THE TREATY OF WASHINGTON

The year 1871 was marked by the conclusion of an important treaty between England and the United States. Besides settling certain questions which threatened the friendly relations of the two countries, the treaty enunciated important principles of international law, and afforded the world a shining instance of peaceful arbitration as a substitute for the horrors of war.

Ever since 1863 the United States had been seeking satisfaction from Great Britain for the depredations committed by the Alabama and other Confederate cruisers sailing from English ports. Negotiations were broken off in 1865 and again in 1868. The next year Reverdy Johnson, American Minister to England, negotiated a treaty, but it was rejected by the Senate.

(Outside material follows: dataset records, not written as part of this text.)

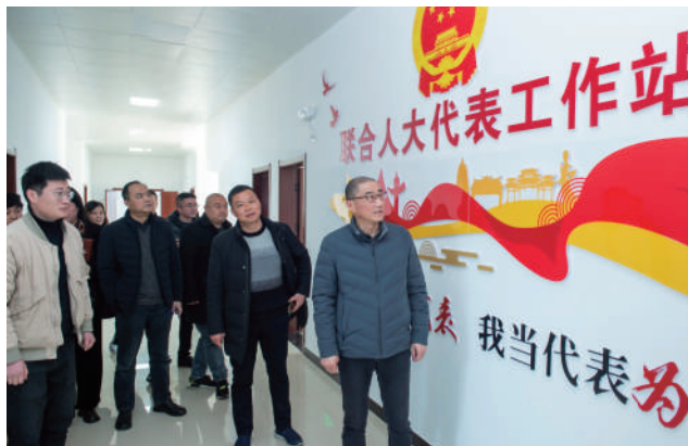
◎ 金湖县人大常委会领导调研走访“家站点”建设。

民心暖: 做好民生保障,力解“一老一小”难题。民生实事项目实施的进度如何、质量如何,直接关系到金湖县37万老百姓的安全感、幸福感、获得感。为此,金湖县人大常委会举全县人大之力、组织强大阵容投入年度民生实事项目的专项监督。明确组建10个县人大代表监督小组,人员构成包括县人大及其常委会的7个委办,40名县人大代表,对10项民生实事实施项目进行
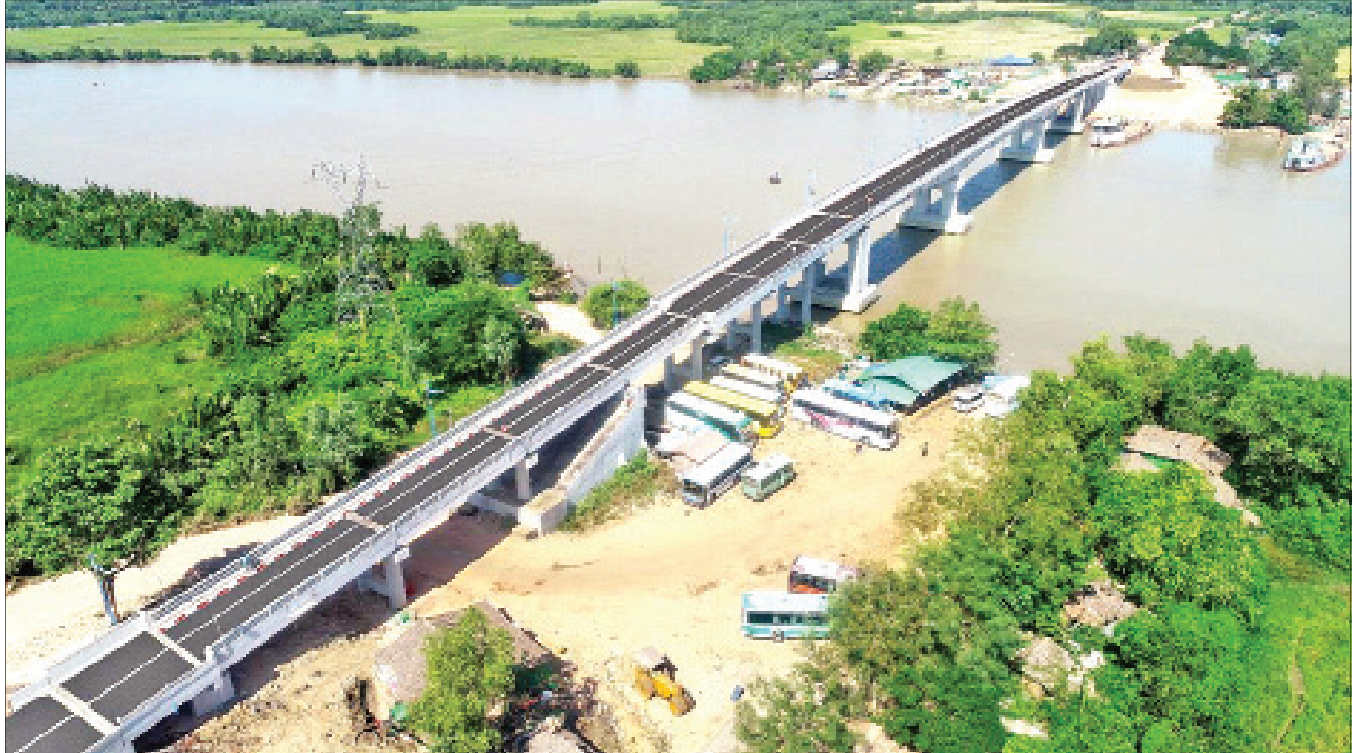
ရော့တီတိုင်းဒေသကြီး မြောင်းမြမြို့နယ် လပွတ္တာ-မြောင်းမြ-အိမ်မဲ လမ်းပေါ်ရှိ ပင်လယ်လေးမြစ်ကို ဖြတ်သန်းဖောက်လုပ်ထားသည့် လပွတ္တာတံတား(ပင်လယ်လေး) ကိုတွေ့ရစဉ်။
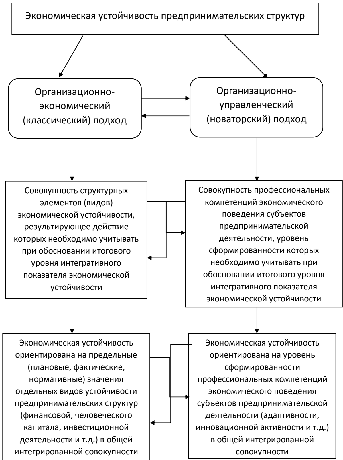
Рисунок 3- Сравнительная характеристика основных методических подходов к оценке экономической устойчивости предпринимательских структур

каторов экономической интегрированной устойчивости и учета влияния кризисных условий, а также особенностей инновационной экономики.
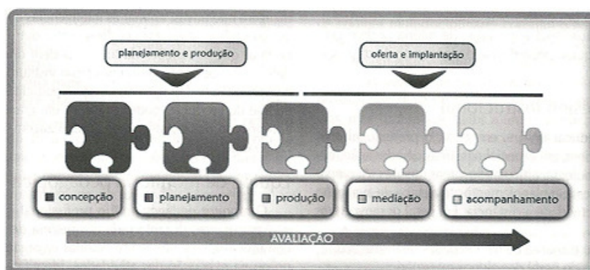
Figura 7 - Fonte: LITTO e FORMIGA (2009, cap.51 p.374)

O projeto pedagógico necessita de profissionais que possam garantir que o material de uma determinada disciplina esteja em plena harmonia. Se a IES onde foi realizado o estudo de caso usar como base a tabela (instrucional) o processo se dará de outra forma:
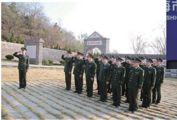
威海边防支队组织官兵到“龙山革命纪念馆”红色教育基地参观见学。缅怀革命先烈,接受革命传统教育。

“滴……滴……滴……滴”抢答器声音此起彼伏,这是边防支队正在举办的十九大知识竞赛,来自全市边防部队的7支参赛队同台竞技。各参赛队你追我赶、互不相让,现场气氛异常激烈。“我们不断丰富自选动作,抓好辅导培训、网络助学、实践教学、研讨交流等学习教育活动,确保全员培训,不漏一人,推动党的十九大精神入脑入心”威海边防支队党委书记、政委马世元。此外,该支队公安网主页、微信公众号发布十九大精神权威播报和部队学习动态等一系列活动,进一步点燃广大官兵学习党的十九大精神的热情。

In January, , the British Government proposed a joint commission for the settlement of questions connected with the Canadian fisheries. Mr. Fish, our Secretary of State, replied that the settlement of the "Alabama Claims" would be "essential to the restoration of cordial and amicable relations between the two governments." England consented to submit this question also to the commission, and on February 27th five high commissioners from each country met at Washington. The British delegation included cabinet officers, the minister to the United States, and an Oxford professor of international law. The American commissioners were of equally high station, the Secretary of State, an associate justice of the Supreme Court, and our minister to England being of their number.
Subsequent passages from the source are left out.